Up to now, you’ve designed the backbone.
Sharp Learning Outcomes.
A realistic timeline.
A solid Skeleton.
Now comes the step that turns “a plan” into a real workshop:
Exercises + a detailed schedule.
Not random activities.
Not “fun bits”.
Exercises that match what you’re teaching.
And a schedule that can survive the day-of.
You don’t design exercises one by one
You don’t pick one exercise, perfect it, move to the next.

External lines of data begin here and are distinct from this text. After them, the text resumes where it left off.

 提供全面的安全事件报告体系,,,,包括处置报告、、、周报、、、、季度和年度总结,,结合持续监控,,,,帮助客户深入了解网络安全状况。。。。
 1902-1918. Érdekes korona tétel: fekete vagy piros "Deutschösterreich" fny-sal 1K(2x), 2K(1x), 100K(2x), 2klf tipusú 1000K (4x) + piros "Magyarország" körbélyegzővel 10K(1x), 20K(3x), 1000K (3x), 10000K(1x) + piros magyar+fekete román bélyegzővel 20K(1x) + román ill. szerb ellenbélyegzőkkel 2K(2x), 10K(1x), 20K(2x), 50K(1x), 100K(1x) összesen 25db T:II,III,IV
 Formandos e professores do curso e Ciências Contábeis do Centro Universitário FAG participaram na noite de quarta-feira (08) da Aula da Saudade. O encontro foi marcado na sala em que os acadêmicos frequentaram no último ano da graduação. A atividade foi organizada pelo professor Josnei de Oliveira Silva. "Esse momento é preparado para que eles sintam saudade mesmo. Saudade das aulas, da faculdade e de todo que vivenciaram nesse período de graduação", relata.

That’s how you lose the big picture.
Instead, you work in passes:
- first pass: rough placement
- second pass: sharper prompts
- third pass: facilitation details
- final pass: timing that actually fits
Always zooming in… without losing the whole shape.
Start from your Skeleton
Your outline already contains your content:
every line is a takeaway.
Which means every line can be supported by a format:
discussion, try-it-now, scenario, etc.
So the first move is simple:
scan your Skeleton and choose the right format for each part.
The K / S / W shortcut
My shorthand is:
- K = Knowledge → lecture (short, sharp)
- S = Skill → “Try it now”
- W = Wisdom → scenario challenge (judgment, decision, trade-offs)
Go through your outline and mark each line with K / S / W.
Then:
- For every S: what’s the smallest safe task where they can try it immediately?

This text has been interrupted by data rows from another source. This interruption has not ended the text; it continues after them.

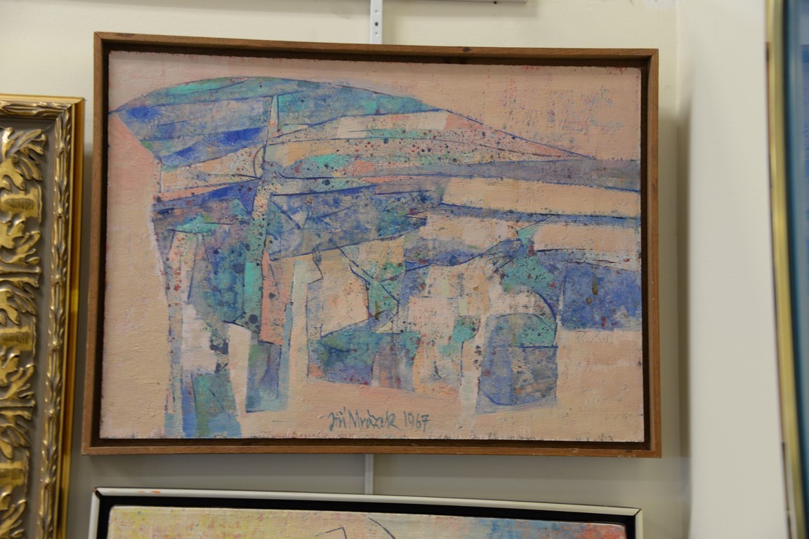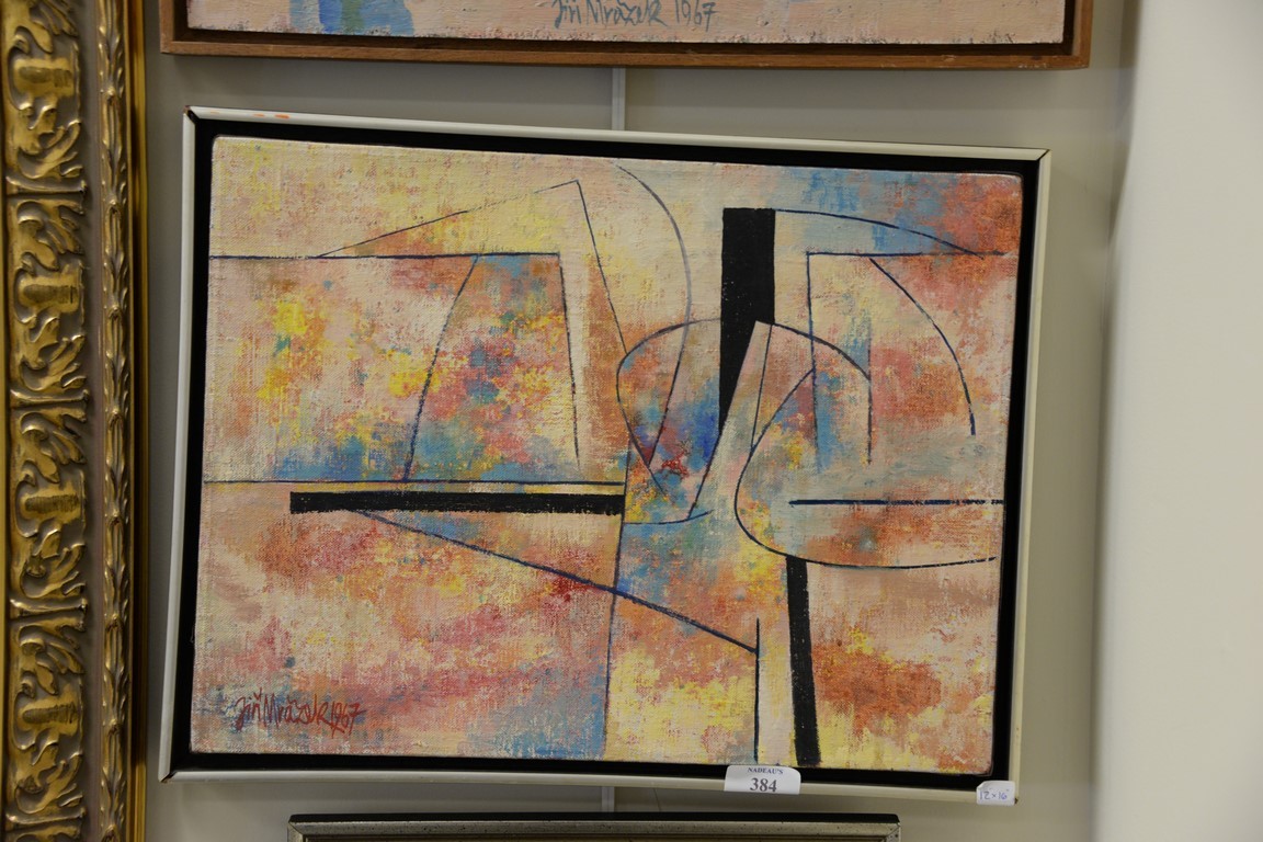 Lot 384: Two Jiri Mrazek 1920-2008, oil on canvas, untitled abstract paintings, signed lower left: Jiri Mrazek 1967, 16 x 12 each. Pro…
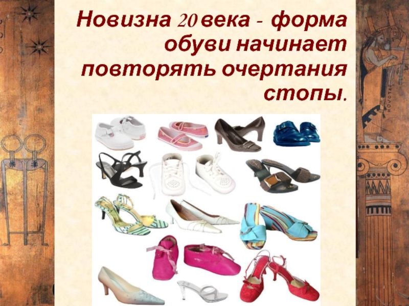 Слайд 15Новизна 20 века - форма обуви начинает повторять очертания стопы.
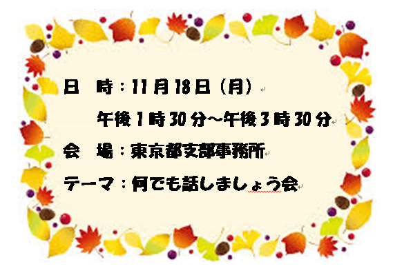 つどい、交流会、講習会、公開講座2019年10月・11月の予定

- For every W: what’s the scenario where they must decide what to do?
- For every K: what discussion question would make it personal and relevant?
Because without S and W, you’ll do the classic fail:
teaching yoga through a lecture.
Redraw the schedule. This time with exercises
Take the timeline you already built…
And redraw it with where exercises will land.
Most exercises look like “5 minutes” on paper.
In real life they’re often 10–15 minutes once you include:
- forming pairs/groups
- explaining the prompt
- doing the task
- sharing takeaways (“stand & share”)
- your commentary / debrief
So place them honestly.
Hunt down long lecture stretches
Now look for danger zones:
20+ minutes of lecture in a row.
That’s where energy dies.
Even if you’re brilliant.
Fix options:
- reorder sections (so an exercise or break splits the lecture)
- insert an optional mini-exercise that supports the nearby outcome (discussion is the easiest tool here)
The goal isn’t “zero lecture”.
The goal is: no lecture that kills the room.
Place your Q&A springs
Now add Q&A, not as “interactivity”.
As schedule control.
Aim for ~15 minutes per 90-minute chunk.
Two good patterns:
- 1 block right before a break
- or 5 minutes after each Learning Outcome
Q&A is your pressure valve.
You can stretch it.
Or delete it.
And nobody will cry.
Add lightweight support activities
If you like formats like:
- post-up,
- dot-vote,
- or quick stand-and-share...
This is the moment to place them.
They’re small, but they add rhythm.
Final sanity check
Look at the whole schedule and ask:
1. Do the formats match the outcomes?
2. Is there enough variation to keep energy alive?
If yes, congratulations:
You now have a detailed schedule —
the final ingredient of a finished Workshop Skeleton.
At this point you can already feel what the day will be like.
And only now… you earn the right to build the supporting materials:
first the exercise details,
then the slides.
Because design carries you.
Not charisma.
Thank you.
And Free Palestine.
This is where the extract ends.